→ **BRIEF**: Below are records to be repeated exactly. Leave their pictures behind.

→ **DATA FOR PROCESSING**:
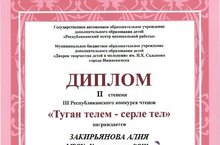 Закирьянова Алия(5 класс) награждена дипломом 2 степени III Республиканского конкурса чтецов "Туган телем - серле тел". в г. Нижнекамск. Руководитель: Васильева Р.А., учитель татарского языка и литературы.
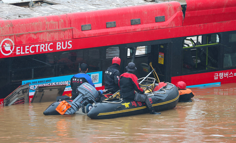 Cheongju, Corée du Sud | AFP | dimanche 16/07/2023 - Au moins 37 personnes ont péri et neuf sont portées disparues après les fortes pluies qui ont provoqué inondations et glissements de terrain en Corée du Sud, ont déclaré les autorités dimanche, les secouristes recherchant toujours des personnes piégées dans un tunnel souterrain inondé.
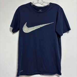 The Nike Tee Athletic Cut Dri Fit Navy Blue T Shirt Short Sleeve Men's Small
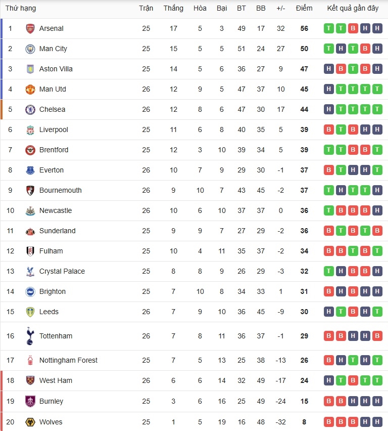| Bảng xếp hạng Ngoại hạng Anh 2025-2026. Ảnh: vnexpress |
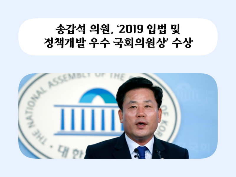- 국회사무처가 선정한 2019 입법 및 정책개발 우수 국회의원 - 제 산업분야에 있어 탁월한 입법 정책 능력 인정받아 |
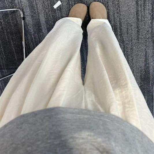 Pantalon large drapé à taille haute en velours avec taille élastique
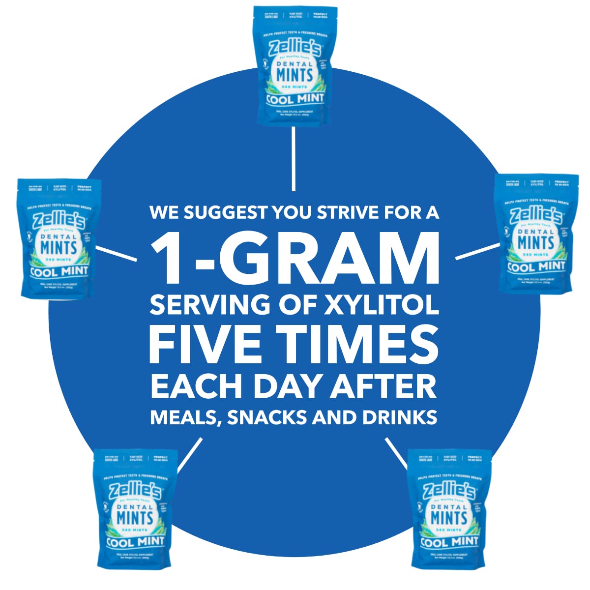 Zellie's Cool Mint Dental Mints are a burst of minty goodness and they are amazing for your teeth! Your mouth will feel clean and refreshed after each power-packed mint. Looking for a breath-freshening mint? This is the flavor for you! Zellieās mints are sweetened with 100% tooth-friendly xylitol and each mint contains 0.55 grams of xylitol. Enjoy a few Zellieās mints after each meal, snack or beverage to help neutralize acidity for a cleaner, healthier mouth. SUGGESTED USE: Dissolve Zellie's mints in your mouth directly after meals, snacks and drinks. INGREDIENTS: Xylitol, Natural Peppermint Flavor, Magnesium Stearate, Natural Menthol. *all ingredients are GMO Free Star-K Kosher Certified
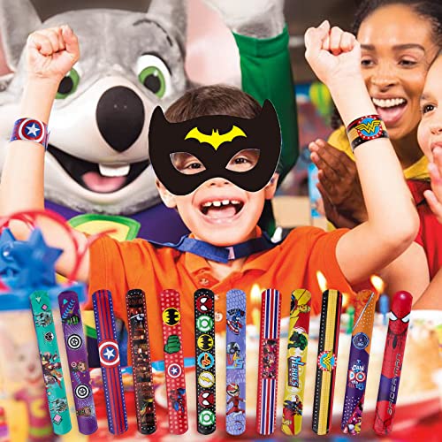 Superhero Bomboniere per feste, Regalo di compleanno, 24 Braccialetti a scatto per bambini Superhero, 12 Maschere di supereroi (biglietto d'invito), per bomboniere di supereroi per bambini compleanno
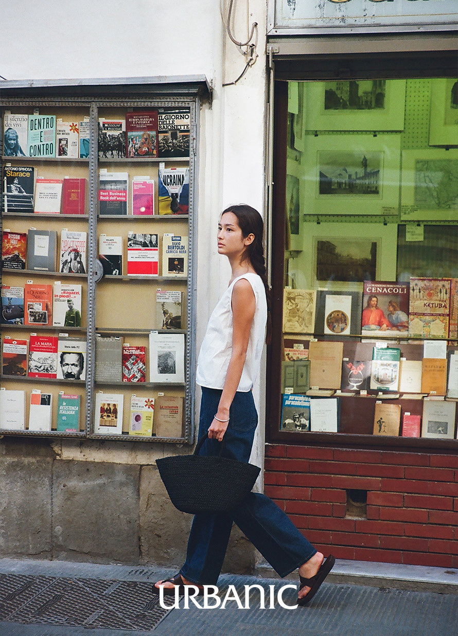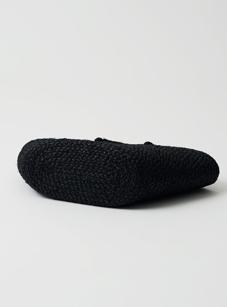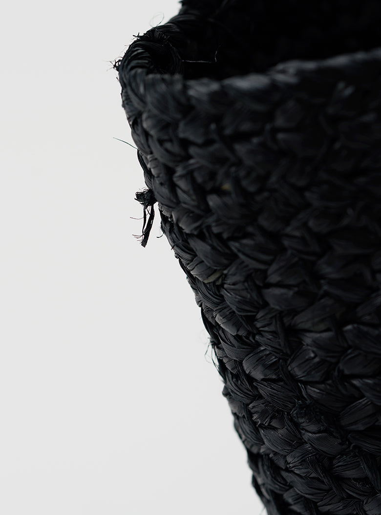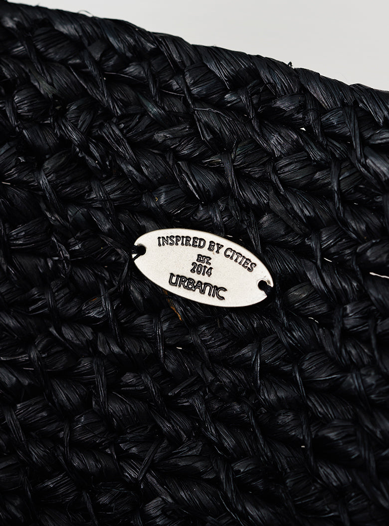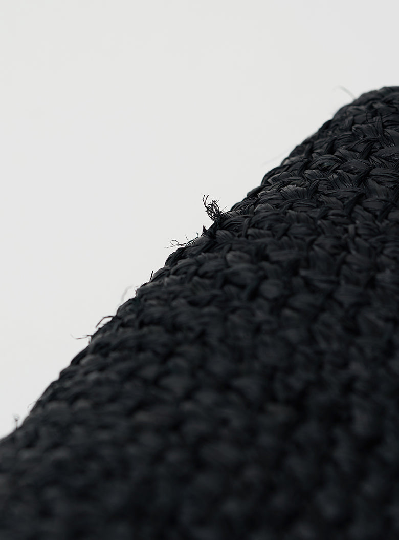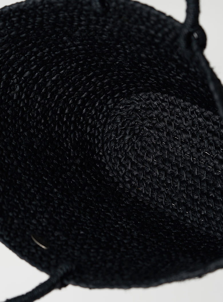 This raffia tote bag is handmade by skilled artisans in Rwanda, known for supplying accessories to high-fashion brands. The bag features a gently rounded shape reminiscent of a folded dumpling, carefully detailed with small openings and a securely fitted handle designed for comfortable carrying. Crafted from raffia dyed in refined black, this tote offers a calm and elegant look perfect for everyday use.
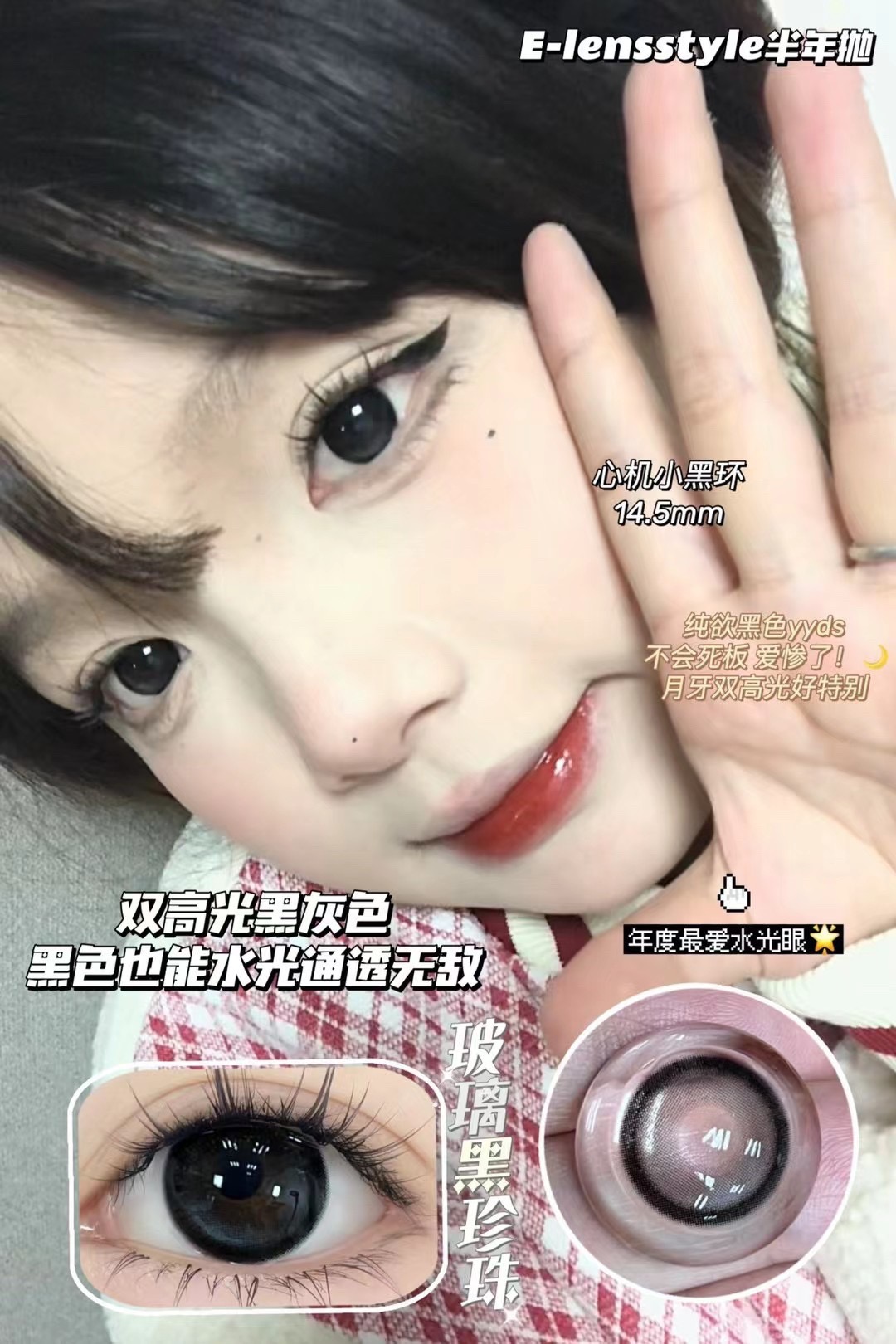 玻璃黑珍珠 直径14.5 染色直径13.8 基弧8.5 含水量40%
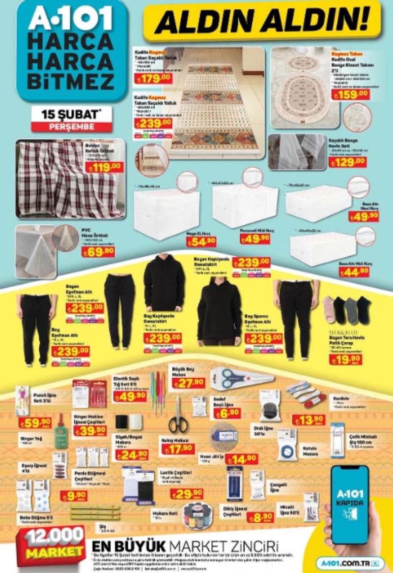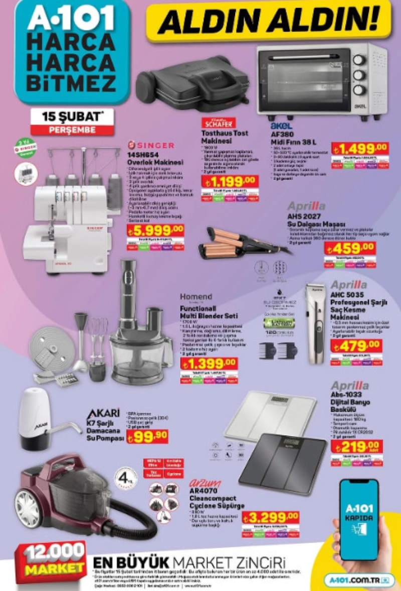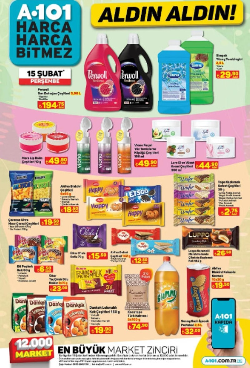 Merakla beklenen A101'in en yeni kataloğu sonunda yayınlandı. 15 Şubat Perşembe günü başlayacak olan bu muhteşem katalog, alışveriş tutkunlarını birbirinden cazip fırsatlarla buluşturuyor. Gıda ürünlerinden ev gereçlerine, elektronikten tekstil ürünlerine kadar geniş bir yelpazede indirimler sizleri bekliyor. Bu fırsatı kaçırmayın!
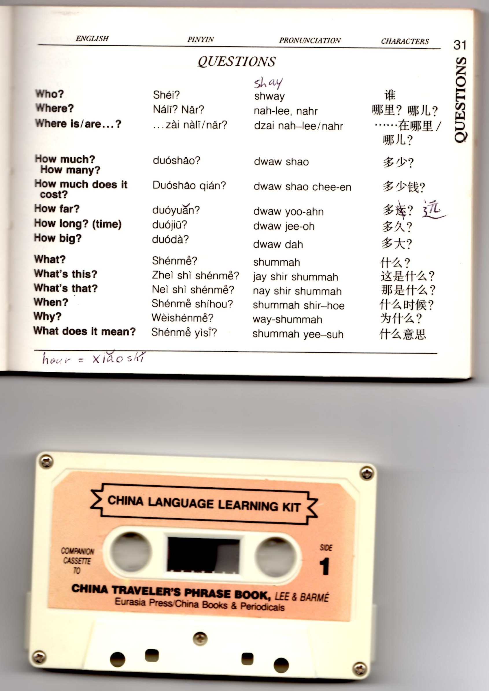 I learned there are four tones in Mandarin Chinese which is what they speak in mainland China where I’m going. (They speak Cantonese in Hong Kong and Taiwan.) The word has a totally different meaning depending on the tone you use. I think my music background helps. Mr. S. said I’m making good progress, but I feel like I’m going about the speed of a turtle. I’m not even attempting to learn how to read or write the characters since I only have five months before I leave. I’m glad they use the Pinyin system which uses the 26 English letters to write out the Chinese words like they sound.

→ **ANSWER TO THE EXERCISE**:
 Закирьянова Алия(5 класс) награждена дипломом 2 степени III Республиканского конкурса чтецов "Туган телем - серле тел". в г. Нижнекамск. Руководитель: Васильева Р.А., учитель татарского языка и литературы.
 Cheongju, Corée du Sud | AFP | dimanche 16/07/2023 - Au moins 37 personnes ont péri et neuf sont portées disparues après les fortes pluies qui ont provoqué inondations et glissements de terrain en Corée du Sud, ont déclaré les autorités dimanche, les secouristes recherchant toujours des personnes piégées dans un tunnel souterrain inondé.
 The Nike Tee Athletic Cut Dri Fit Navy Blue T Shirt Short Sleeve Men's Small
| Bảng xếp hạng Ngoại hạng Anh 2025-2026. Ảnh: vnexpress |
- 국회사무처가 선정한 2019 입법 및 정책개발 우수 국회의원 - 제 산업분야에 있어 탁월한 입법 정책 능력 인정받아 |
 Pantalon large drapé à taille haute en velours avec taille élastique
 Zellie's Cool Mint Dental Mints are a burst of minty goodness and they are amazing for your teeth! Your mouth will feel clean and refreshed after each power-packed mint. Looking for a breath-freshening mint? This is the flavor for you! Zellieās mints are sweetened with 100% tooth-friendly xylitol and each mint contains 0.55 grams of xylitol. Enjoy a few Zellieās mints after each meal, snack or beverage to help neutralize acidity for a cleaner, healthier mouth. SUGGESTED USE: Dissolve Zellie's mints in your mouth directly after meals, snacks and drinks. INGREDIENTS: Xylitol, Natural Peppermint Flavor, Magnesium Stearate, Natural Menthol. *all ingredients are GMO Free Star-K Kosher Certified
 Superhero Bomboniere per feste, Regalo di compleanno, 24 Braccialetti a scatto per bambini Superhero, 12 Maschere di supereroi (biglietto d'invito), per bomboniere di supereroi per bambini compleanno
 This raffia tote bag is handmade by skilled artisans in Rwanda, known for supplying accessories to high-fashion brands. The bag features a gently rounded shape reminiscent of a folded dumpling, carefully detailed with small openings and a securely fitted handle designed for comfortable carrying. Crafted from raffia dyed in refined black, this tote offers a calm and elegant look perfect for everyday use.
 玻璃黑珍珠 直径14.5 染色直径13.8 基弧8.5 含水量40%
 Merakla beklenen A101'in en yeni kataloğu sonunda yayınlandı. 15 Şubat Perşembe günü başlayacak olan bu muhteşem katalog, alışveriş tutkunlarını birbirinden cazip fırsatlarla buluşturuyor. Gıda ürünlerinden ev gereçlerine, elektronikten tekstil ürünlerine kadar geniş bir yelpazede indirimler sizleri bekliyor. Bu fırsatı kaçırmayın!
 I learned there are four tones in Mandarin Chinese which is what they speak in mainland China where I’m going. (They speak Cantonese in Hong Kong and Taiwan.) The word has a totally different meaning depending on the tone you use. I think my music background helps. Mr. S. said I’m making good progress, but I feel like I’m going about the speed of a turtle. I’m not even attempting to learn how to read or write the characters since I only have five months before I leave. I’m glad they use the Pinyin system which uses the 26 English letters to write out the Chinese words like they sound.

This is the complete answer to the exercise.